Vale la pena indagare meglio il neologismo.
JOBPOCALYPSE in PAROLE e NUMERI
A portare l’attenzione sul termine Jobpocalypse è stato un articolo del The Guardian che colorava il futuro del mondo del lavoro (e delle nuove generazioni in generale) di tinte piuttosto fosche. Jobpocalypse, l’apocalisse del mondo del lavoro, è infatti una parola che punta sulla sensazionalità per diventare virale ma, allo stesso tempo, solleva un problema attuale e reale, la cui soluzione, quando verrà trovata, potrebbe cambiare completamente l’assetto delle aziende come oggi lo conosciamo.
Tradotto in numeri, il Jobpocalypse, secondo lo studio condotto dal British Standard Institution, in sette paesi: “un quarto dei capi ritiene che le attività di livello base potrebbero essere automatizzate per ridurre i costi; quattro capi su dieci (41%) hanno affermato che l’IA ha permesso loro di ridurre il numero di dipendenti.

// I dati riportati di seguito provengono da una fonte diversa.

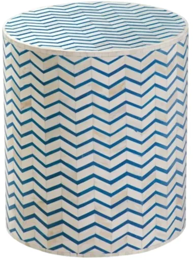 The Aden Scatter Table is a round scatter table with a chevron patterning alternating natural bone and blue resin. The hand-crafted details produced by a skilled artist lend themselves to a unique technique and will vary slightly.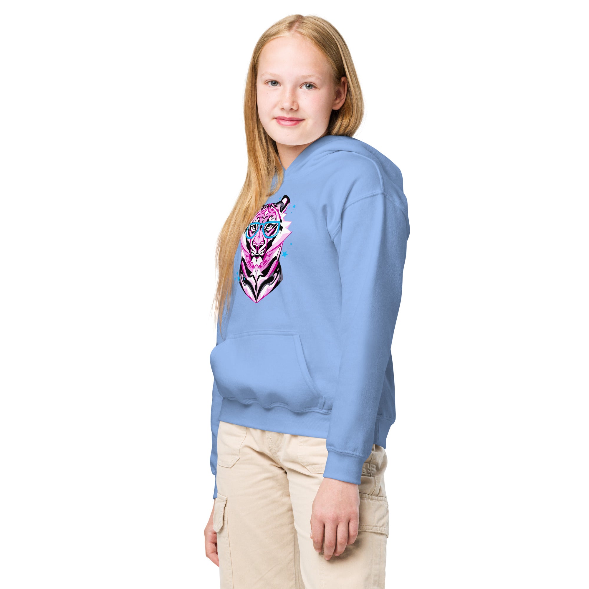 A stunning pink tiger with bright blue glasses. She knows she looks good.

Quasi un terzo (31%) degli intervistati ha affermato che la propria organizzazione stava valutando soluzioni di IA prima di prendere in considerazione l’assunzione di una persona, mentre due quinti prevedono che ciò avverrà entro cinque anni”.
Quando si tratta di svolgere nuove attività normalmente affidate a uno stagista o a un entry level, secondo il BSI – è ormai prassi, come prima soluzione, verificare se c’è un tool di IA che può completare i relativi task. Solo dopo, a fronte di una risposta negativa, viene valutata l’assunzione di una persona.
Lo stesso report mostra come nelle aziende tra le parole più usate il termine “automation” compaia sette volte più frequentemente rispetto a “reskilling” o “retraining”. Il motivo è facilmente immaginabile: la riduzione dei costi. Trascurando il fatto che un costo c’è comunque, quello sociale.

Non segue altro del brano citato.